What Giorgia Meloni’s win means for LGBTQ+ Italians 

Advocates worry the far-right politician’s tenure as prime minister will stymie LGBTQ+ rights in Italy 

After forming an alliance with other right-wing and centre-right parties, Italy’s far-right Brothers of Italy (Fratelli d’Italia) was catapulted to victory in a snap parliamentary election on September 25. Giorgia Meloni, Brothers of Italy’s founder and leader, is set to become prime minister later this fall. In an announcement following her victory, Meloni vowed to “govern for everyone.” But Meloni’s track record has advocates worried that her vision of “everyone” excludes Italy’s LGBTQ+ community. 

“Ms. Meloni is obsessed with LGBTQ+ people, she constantly mentions them, holds speeches all over the world naming them. Then when we ask her about this obsession, she says there is nothing homophobic. She evidently also considers us unintelligent,” noted Arcigay, Italy’s largest LGBTQ+ rights organization, in a press statement earlier this month. 

In a speech to Spain’s far-right Vox party earlier this year in Marbella, Meloni candidly outlined her political priorities: “Yes to the natural family, no to the LGBTQ+ lobby, yes to sexual identity, no to gender identity, yes to the culture of life, no to that of death.” What her promise precisely means is unclear, though Meloni campaigned on a stringent opposition to surrogacy and adoption by queer couples. 

Meloni has a track record of opposing same-sex parenting rights, and stressing the importance of heterosexual families. In Italy, surrogacy and IVF are banned for non-heterosexual couples, and adoption requires marriage rather than civil union—effectively banning gay couples from adopting. Outside of microstate areas like Monaco and San Marino, gay couples cannot marry, though since 2016 they can form civil unions. In 2018, Meloni submitted an amendment to parliament that would extend the reach of the ban on surrogacy, barring Italians from even accessing the procedure abroad. Last year, Meloni campaigned on making surrogacy a “universal crime.” 

Meloni’s opposition to gay parents is so severe that, earlier in September, her party attempted to have an episode of the children’s cartoon Peppa Pig censored in Italy. The episode in question featured a baby polar bear being parented by two mothers. In a statement, the Brothers of Italy’s culture spokesperson raged against the “unacceptable” episode, saying Italians “cannot accept gender indoctrination,” and that gay parenting should not be presented as something “natural or normal, because it’s not.” 

Though Meloni claimed her party will not roll back what few rights exist for LGBTQ+ Italians, the Brothers of Italy did oppose the legalization of same-sex civil unions, voting against the motion in 2016. 
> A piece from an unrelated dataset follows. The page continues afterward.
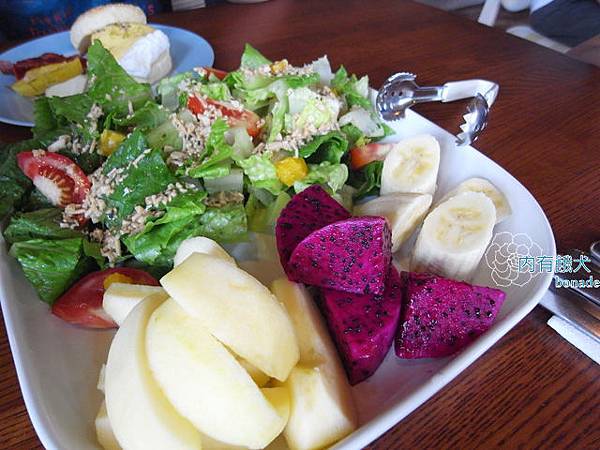 先送上一大盤沙拉和水果,沙拉用的是油醋醬

Last year, the party also mobilized to block the passing of the “Zan” bill, which would have made homophobic or transphobic violence—among other things—hate crimes. On their website, the party explains that they opposed the bill specifically because of its promotion of “gender ideology”—a phrase generally used as a homophobic and transphobic dog whistle

The previously fringe Brothers of Italy has long-standing fascist ties. It was born out of the ashes of the Italian Social Movement (MSI), a neo-fascist party created by Mussolini’s allies after the Second World War. Meloni herself has shown fondness for the dictator in the past, expressing her belief that he was a “good politician.” And while she purports to have shifted her views, her platform remains focused on nationalism, opposition to immigration and emphasizes the sanctity of the nuclear family. 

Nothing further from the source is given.